The man stands there, shadowed in the meager light of a few candles. The city is a fortress, a secret castle unto itself, in which the youngest princess resides, shadowed by her bodyguard. There is no real way to reach her anymore after their failure. That chance is gone. As long as she’s in the city, there’s nothing that he can do to get her.

So he’ll have to get her to leave the city instead, to exit its secure walls. If she’s lured into unfamiliar terrain, she and der Ritter will be at a disadvantage. They won’t need to bother fighting the beast if they’re fast enough this time. A bodyguard is only as good as the reach of his sword. If she won’t leave the city soon, they’ll have to force her out.

Fee turns his head to the front of his tent. “Find out which ingredients her medicine needs,” orders the tall man, looking at the soldiers there. “Disrupt and destroy as many shipments as you can. Make it look like banditry.”

The men nod, leaving the tent.

Fee picks up a delicate fabric cloth, lays it over the orb to cover it again, and then lets his hands rest on the pedestal. His eyes close, and his head begins to droop. He’s exhausted. Sleep begins to come to him immediately, even as he still stands.

— A vision of horrific darkness moves past his closed eyes.

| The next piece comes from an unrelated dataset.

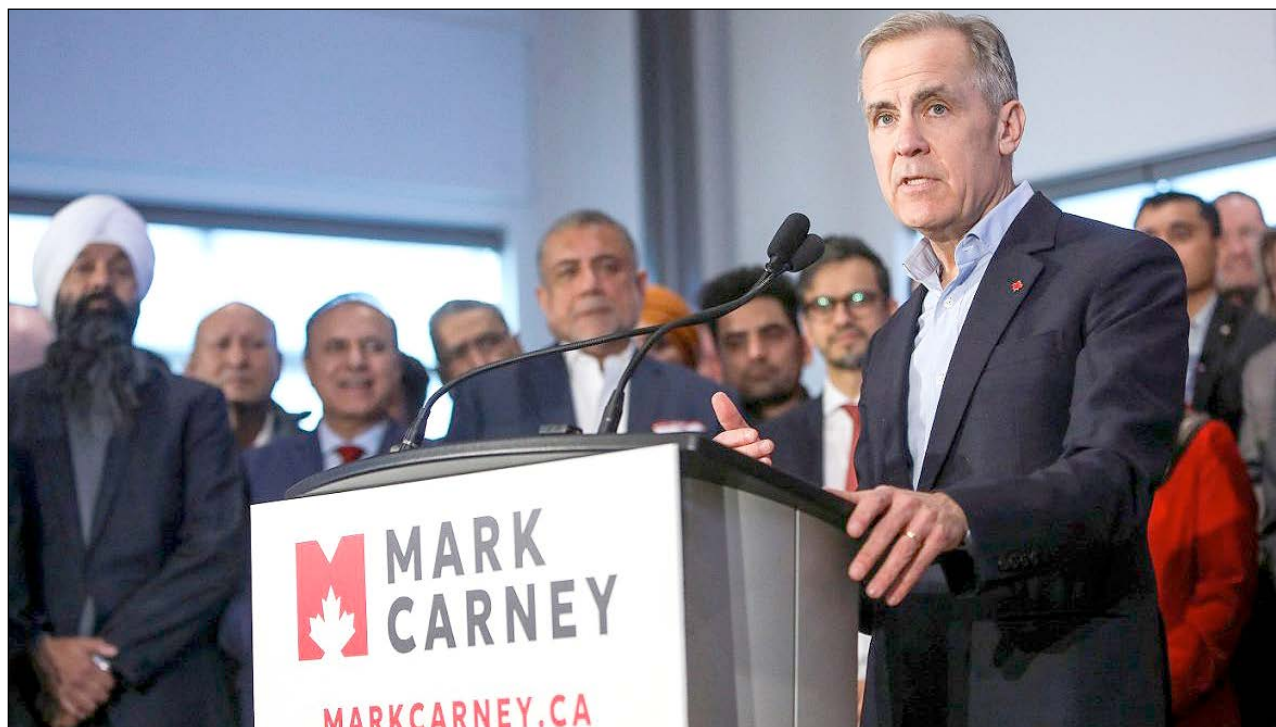
CARNEY ARRIVES TO ADDRESS:

Once sworn in as prime minister in the coming days, Carney will have to decide whether to call a snap election. If he doesn't, the opposition parties in parliament could force one later this month through a no-confidence vote.

His eyelids shoot open, a sharp intake of fresh air pulling into his body as he stares around the tent.

He hasn’t slept in days.

It’s out there… roaming the world within a day’s walk of him. The monster of those old tales was the thing he had hidden from when he was a boy himself, frightened by the stories of his grandfather, who had heard the same tales from his own grandfather. It is the thing that all children fear, and it is the fear they keep with themselves into adulthood, as a secret from their friends and family but very real — a fear of the darkness.

A fear of monsters.

His eyes stare at a candle, the orange light dancing in his dry retinas like mischievous spirits.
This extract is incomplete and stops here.